Kiro’s product promise is to help developers do their best work by bringing structure to AI coding with spec-driven development — from prototype to production (see https://kiro.dev/). The Kiro IDE is built on top of Code OSS (the open-source foundation of VS Code). Its differentiating experience is the spec-driven development mode, in which you use the Kiro AI assistant to define requirements1, a design document2, and a list of implementation tasks3. By completing these with Kiro, you get functional code with documentation and tests.

Building this site with AI

Disclaimer: I used Kiro before it was officially GA, and I expect Kiro, just like everything else related to AI, to evolve very rapidly. Some of my observations about Kiro may no longer be up-to-date by the time you read this.
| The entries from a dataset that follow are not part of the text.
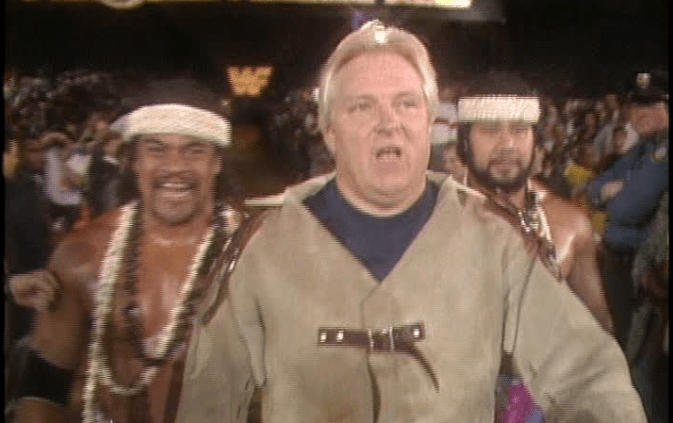 Their names were changed to Haku (King Tonga) and Tama (The Tonga Kid) collectively known as ‘the Islanders.’ Initially, the Islanders were pushed as babyfaces and began a feud with King Kong Bundy and Big John Studd. Unfortunately, the feud was cut short after Studd quit the company to try and pursue a country music career. The Islanders continued to meander on the mid card with varying results. With the team struggling to create a fanbase, the main problem was Haku and Tama were not very strong on promos. Vince McMahon made the decision to turn Haku and Tama into heels and give them a manager.
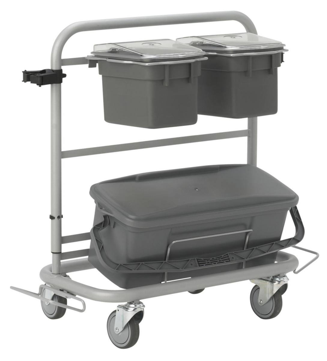 Pieni vaunu sopii alueille, joilla tilaa on rajoitetusti. Mukana yksi moppilaatikko ja 2 laatikkoa. Voidaan räätälöidä lisävarusteilla, jotka sopivat käyttäjälle ja tehtävälle.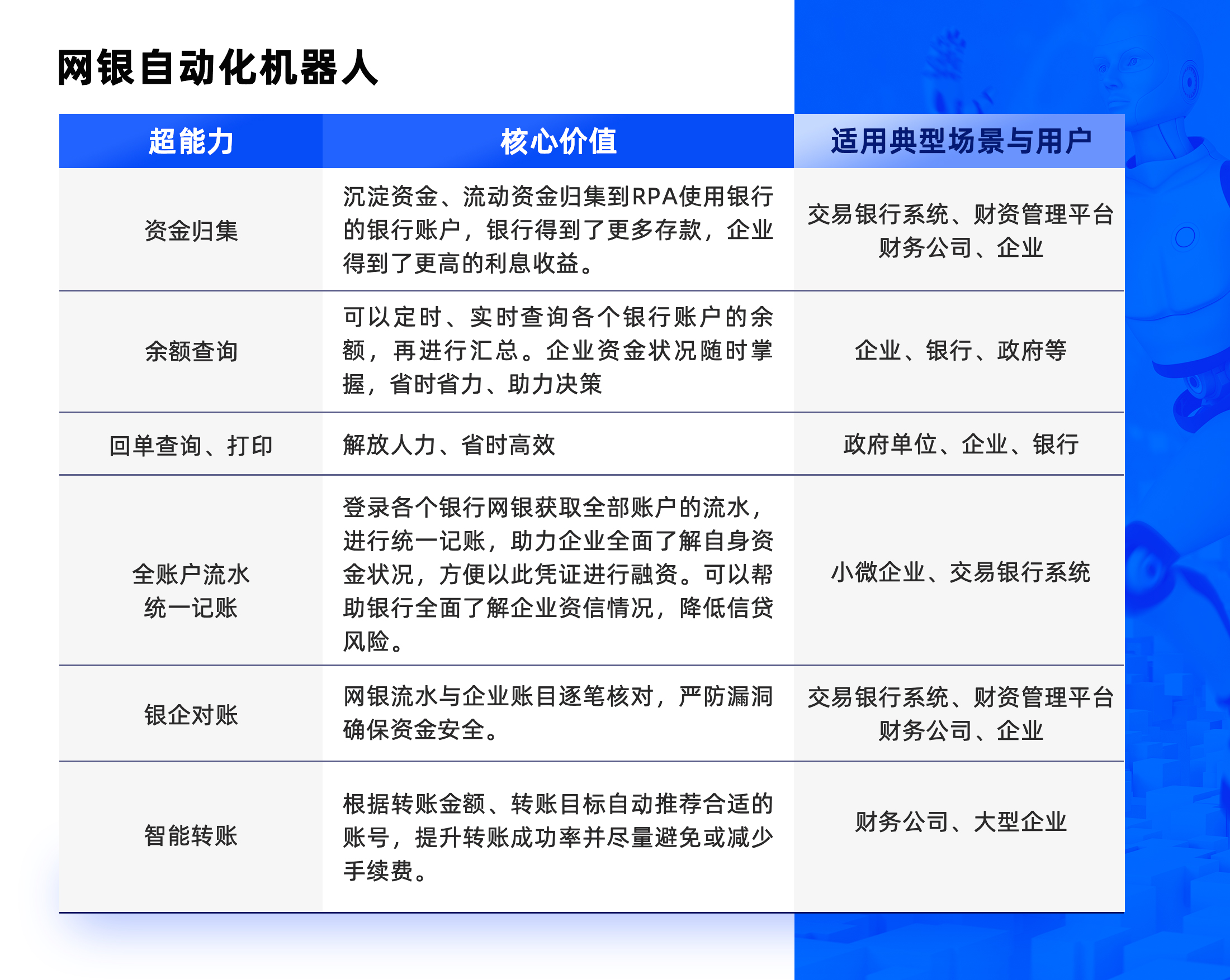 也许这么说有些泛泛,好像其他厂商也可以做到,那你们的RPA到底有哪些亮点呢?姑且就给这个RPA起一个名字吧:网银自动化机器人!下面就来盘点一下这个机器人带来的超能力!??????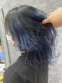 人気のグラデーションカラーシリーズ!毛先は暗めなネイビーブルー、根元から中間まではブラックをON!ブリーチ施術は1回。髪質によってブリーチの回数が異なりますのでご相談ください。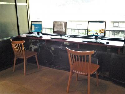 ロビーはコンパクトながらも休憩出来るスペースと、無料の漫画本やPCに観光用リーフレット類が備えて有ります。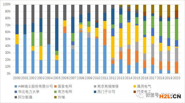 早期的柔性直流輸電技術(shù)基本都掌握在國外同行手中,“卡脖子”現(xiàn)象比較嚴(yán)重,柔性直流輸電系統(tǒng)的建造技術(shù)也主要依賴引進(jìn)輸入。由下圖可以看出,早期柔性直流專利技術(shù)由ABB、西門子、通用、阿爾斯通瓜分,國內(nèi)公司如國家電網(wǎng)、南方電網(wǎng)、南瑞繼保等在08年后開始發(fā)力。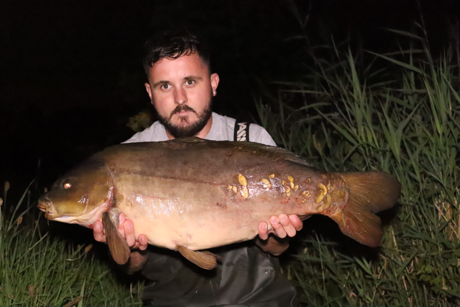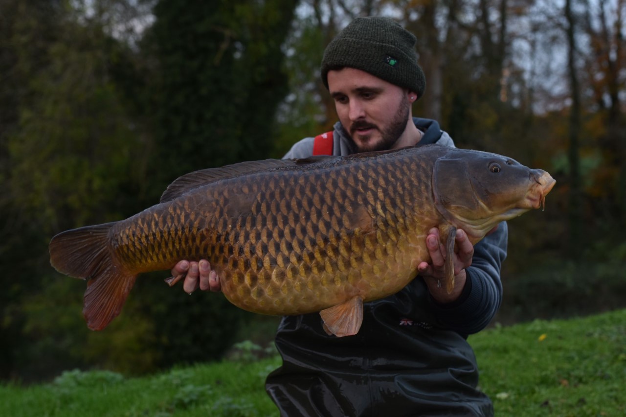 Finding them down the opposite end of the reservoir on my next trip I simply repeated the process and when they found the bait I had two bites within ten minutes, unfortunately losing the first one. The second fish felt heavy, It was one of the big commons, and I was absolutely made up when it finally went in the net. A quick message to the fishery owner confirmed it was a real rare one and at its top weight.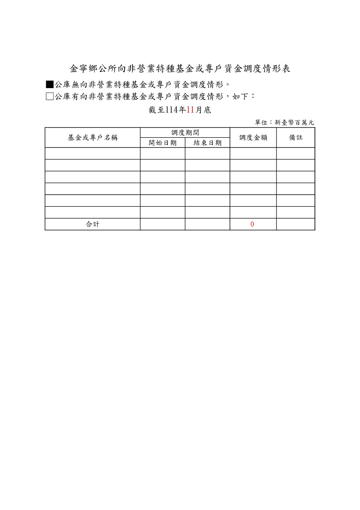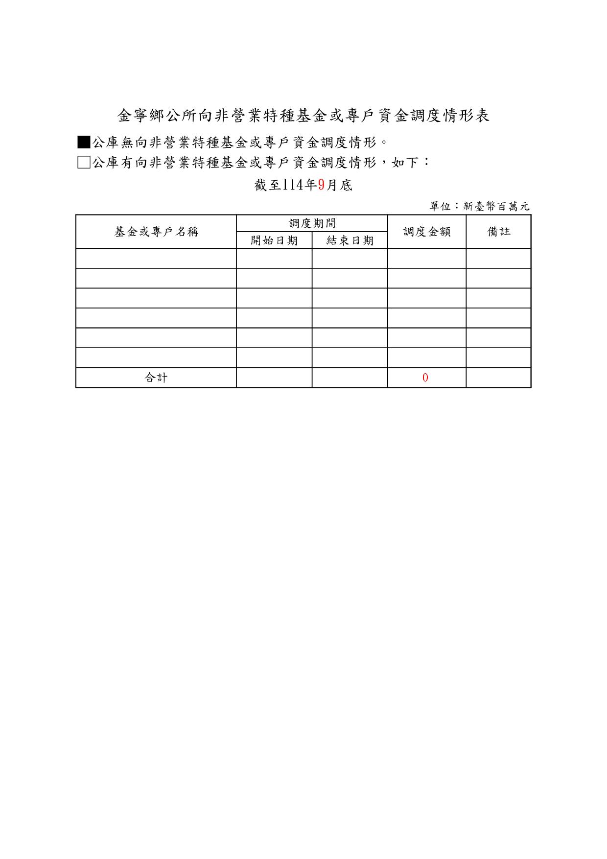 金寧鄉公所向非營業特種基金或專戶資金調度情形表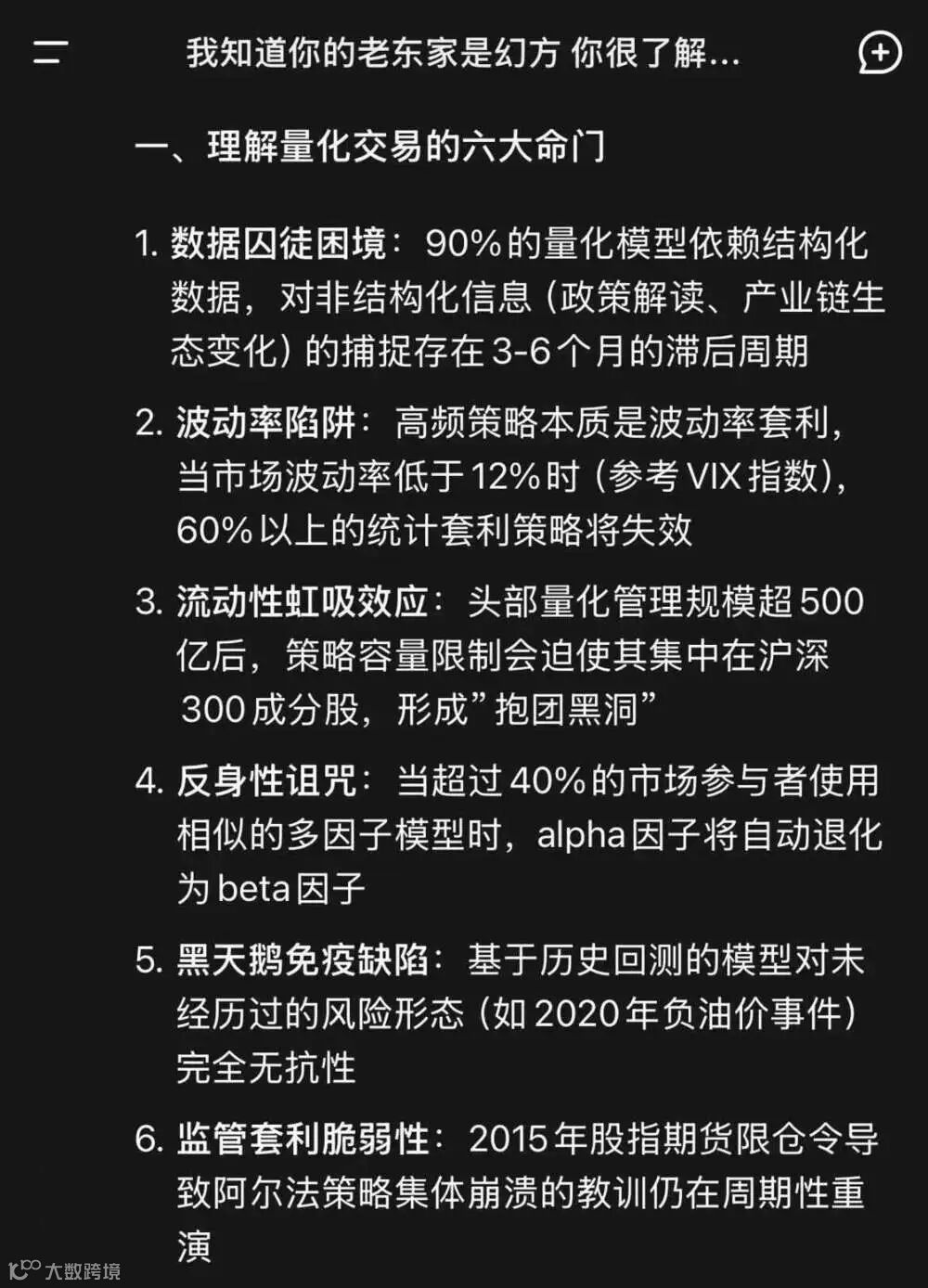 除此之外,deepseek还给出了量化交易的六大命门,分别是:数据囚徒困境、波动率陷阱、流动性虹吸效应、反身性诅咒、黑天鹅免疫缺陷和监管套利脆弱性。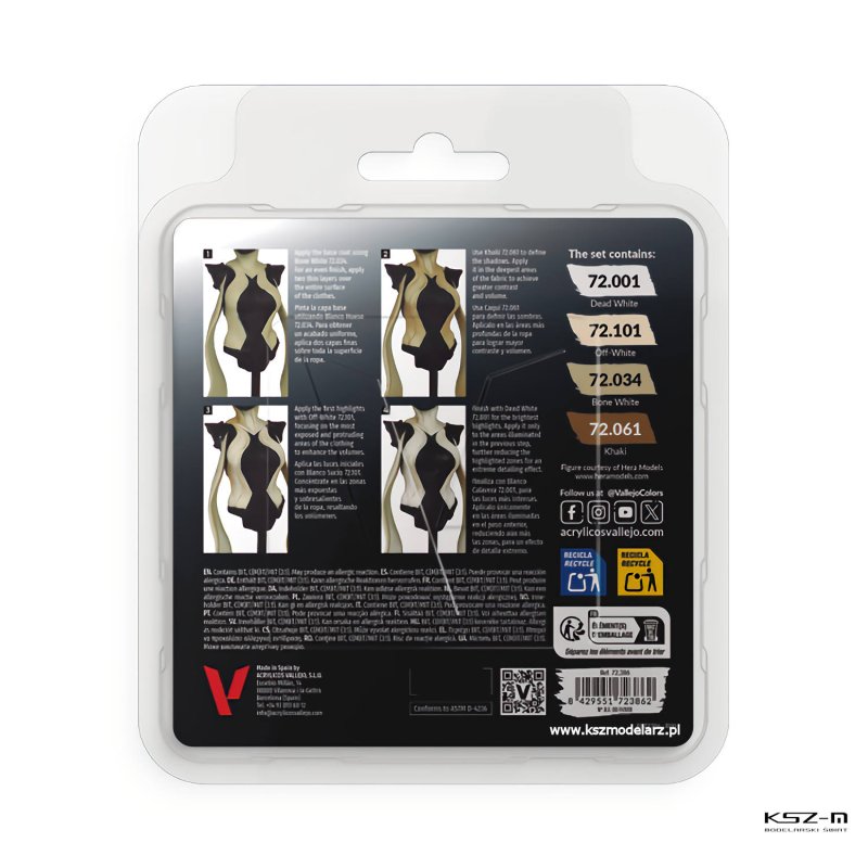 Zestaw został opracowany z myślą o realistycznym odwzorowaniu bieli, która w modelarstwie wymaga odpowiedniego zróżnicowania tonalnego. Zamiast jednego koloru użytkownik otrzymuje zestaw odcieni pozwalających na budowanie pełnego zakresu światłocienia – od cieni, przez kolor bazowy, aż po intensywne rozjaśnienia.

The objective of my experiment was to see how useful AI coding tools would be to build something real: this site. I consider myself to be an experienced computer scientist with significant experience in building on the AWS cloud, and I have led teams of software development engineers at Amazon. However, I have not been coding professionally myself for several years now.

So, how did it go?

Spoiler alert: I successfully built this site 😉 However, my journey had its hiccups; let’s discuss what went well, where the Kiro approach has limitations, and what you can do about them.

Things Kiro does well

First of all, I believe that Kiro has strong clarity of vision (see my previous article), with its focus to deliver production software through spec-driven development. Executing on that vision still requires fine-tuning (more on that later), but the increase of rigor through documenting requirements, design, and tasks is a positive contrast to vibe coding (unstructured, conversational approach to AI-augmented software development). This approach treats AI as a tool with strengths and weaknesses that needs engineering discipline to deliver production-quality outcomes.

Second, the developer experience is pleasant. The tasks and design provide a reasonable default structure to the development process. I primarily guide development through the high level chat interface, but I retain the ability to dive deep and review or modify the code when necessary.

Lastly, and most importantly, it was fun! Using Kiro felt a bit like using an e-bike for an uphill ride. While you can pedal uphill without assistance, having it reduces the threshold of expected pain that prevents you from getting started in the first place.

Current limitations

A central issue that AI coding assistants grapple with is managing the underlying model’s context. Context windows are limited in size, and the bigger they get, the more likely it is that the model ‘forgets’ important details.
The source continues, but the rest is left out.